## [THE DATA]
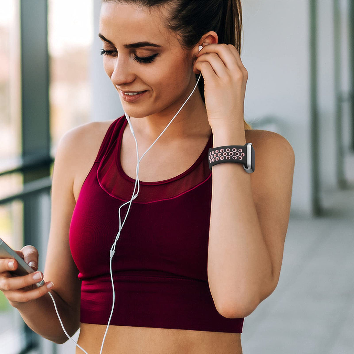 Lerobo Band Compatible With Apple Watch Bands 41Mm 40Mm 38Mm Se For Women Men,Durable Soft Silicone Sport Bands Replacement Wristbands Iwatch Series 8 7 6 5 4 3 2 1,Sport Edition, Black/Pink,M/L
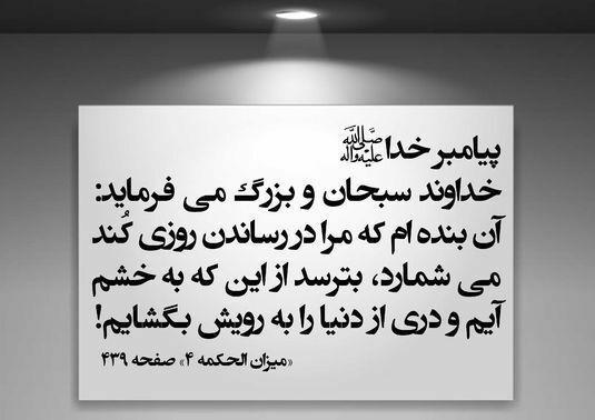 خداوند سبحان و بزرگ مى فرمايد : آن بنده ام كه مرا در رساندن روزى كُند مى شمارد، بترسد از اين كه به خشم آيم و درى از دنيا را به رويش بگشايم!
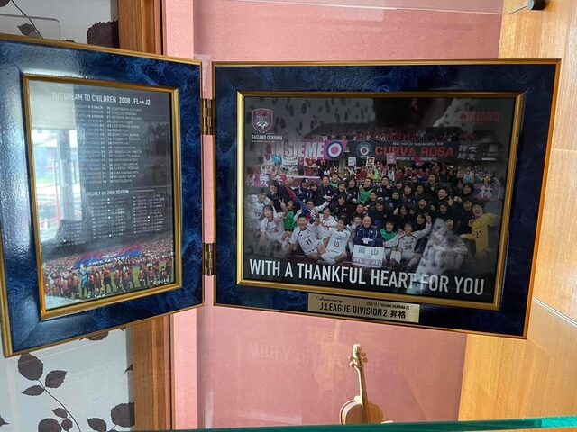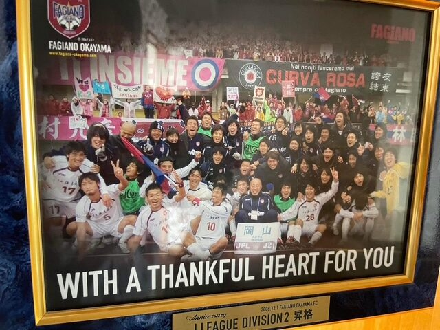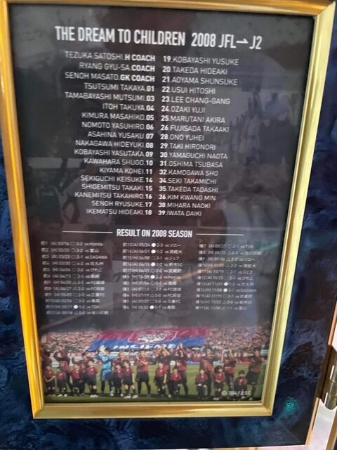 これがJ2昇格の盾です、手塚監督はじめ懐かしい選手の方々、一番前にはヴェルディから移籍してくれ、27得点、次の年も18得点しJ2昇格の立役者喜山選手(11番 現ギラヴァンツ北九州)も写っています。
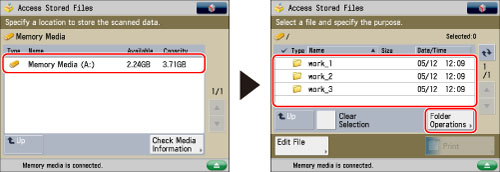 Select the desired memory media → select the desired folder level → press [Folder Operations].
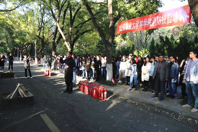 讲座结束后,学院组织师生在望岳路南头进行了灭火演练,演习教官用“提、拔、握、压”四个字生动形象地讲解了灭火器的使用方法及操作中的注意事项。师生踊跃参与,纷纷体验灭火器的使用方法。
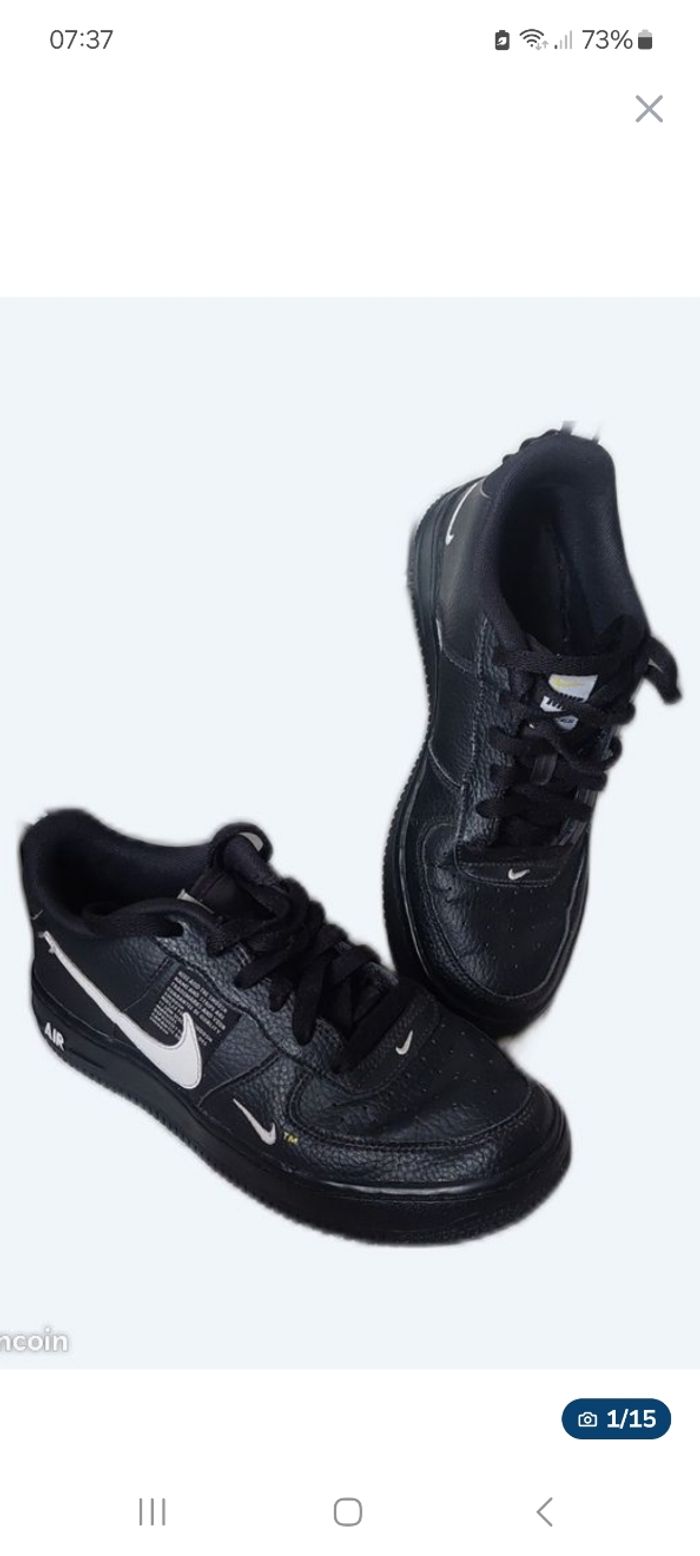 Baskets sneakers toutes en cuir noires de marque Nike modèle Air Force one utility taille 38 en très très bon etat
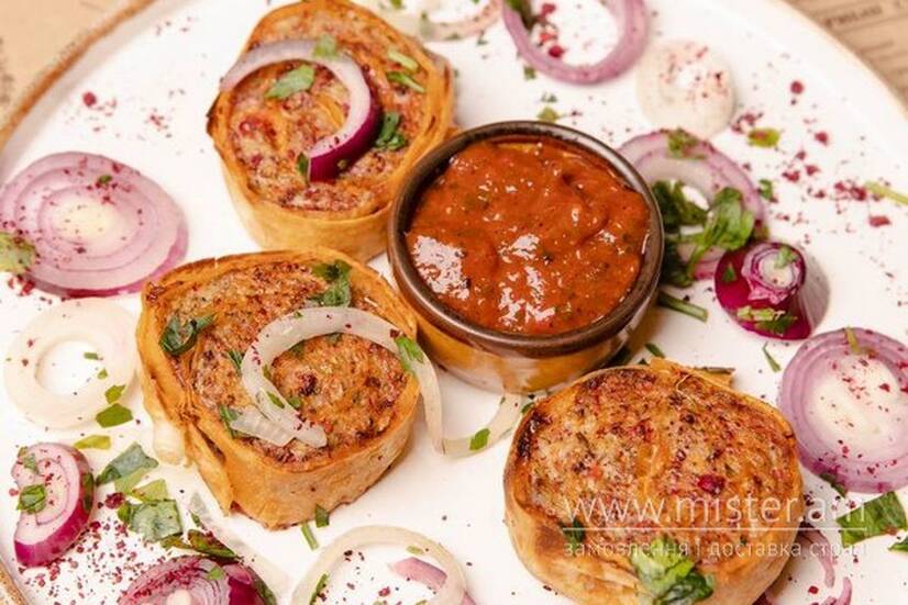 Телячий фарш з болгарським перцем та заленню в лаваші.

## [TASK DESCRIPTION]
Without including a single picture, restate all of the data word for word.

## [RESULT OF THIS EXERCISE]
 Lerobo Band Compatible With Apple Watch Bands 41Mm 40Mm 38Mm Se For Women Men,Durable Soft Silicone Sport Bands Replacement Wristbands Iwatch Series 8 7 6 5 4 3 2 1,Sport Edition, Black/Pink,M/L
 خداوند سبحان و بزرگ مى فرمايد : آن بنده ام كه مرا در رساندن روزى كُند مى شمارد، بترسد از اين كه به خشم آيم و درى از دنيا را به رويش بگشايم!
 これがJ2昇格の盾です、手塚監督はじめ懐かしい選手の方々、一番前にはヴェルディから移籍してくれ、27得点、次の年も18得点しJ2昇格の立役者喜山選手(11番 現ギラヴァンツ北九州)も写っています。
 Select the desired memory media → select the desired folder level → press [Folder Operations].
 讲座结束后,学院组织师生在望岳路南头进行了灭火演练,演习教官用“提、拔、握、压”四个字生动形象地讲解了灭火器的使用方法及操作中的注意事项。师生踊跃参与,纷纷体验灭火器的使用方法。
 Baskets sneakers toutes en cuir noires de marque Nike modèle Air Force one utility taille 38 en très très bon etat
 Телячий фарш з болгарським перцем та заленню в лаваші.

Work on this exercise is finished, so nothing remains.